Cet accord qui est un contrat va avoir pour effet de modifier le contrat de travail du salarié en défaveur de celui-ci. Alors que l’on considérait qu’un accord collectif ne pouvait défavoriser le salarié.

Les effets de ces accords de maintien de l’emploi :

Ils peuvent aménager pour les salariés la durée du travail, ses modalités d’organisation ainsi que la rémunération. Cela signifie qu’avec un accord collectif on peut modifier la durée du travail, ce qui n’est pas sans effet sur la rémunération du salarié. On va permettre à cet accord de baisser la rémunération des salariés. Cette baisse de rémunération connait toutefois un planché, qui sont des dispositions d’ordre public relative au SMIC. En contrepartie, l’employeur s’engage à ne procéder à aucune rupture de contrat pour motif économique.

Le but est de diminuer les charges de l’entreprise pendant un certain temps, en contrepartie de la renonciation par l’employeur au recours au licenciement économique. Le moyen juridique qui est le fondement de la diminution des avantages du salarié est la suspension des clauses du contrat de travail.
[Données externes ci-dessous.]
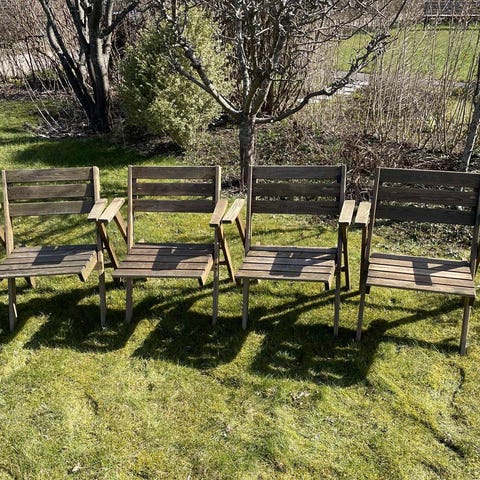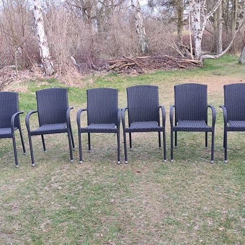 4 + 2 havestole i metal og træ. Modellen er Margurit og man sidde super dejligt i dem. Fremtræder med synlige brugsspor og trænger til rens og maling.

C’est ce que l’on appelle la flexi-sécurité, parce que les charges relatives à la main d’œuvre sont réduites, en contrepartie de la sécurité de l’emploi car l’employeur s’engage à ne pas licencier pour motif économique

Si le salarié accepte :

L’article L5125-2 du Code du travail précise que pour les salariés qui acceptent l’accord, les stipulations de cet accord sont applicables au contrat de travail. Les clauses du contrat de travail contraires à l’accord sont suspendues pendant sa durée d’application.

Si le salarié refuse :

Le code du travail précise que le refus du salarié ouvre la possibilité à son employeur de le licencier pour motif économique.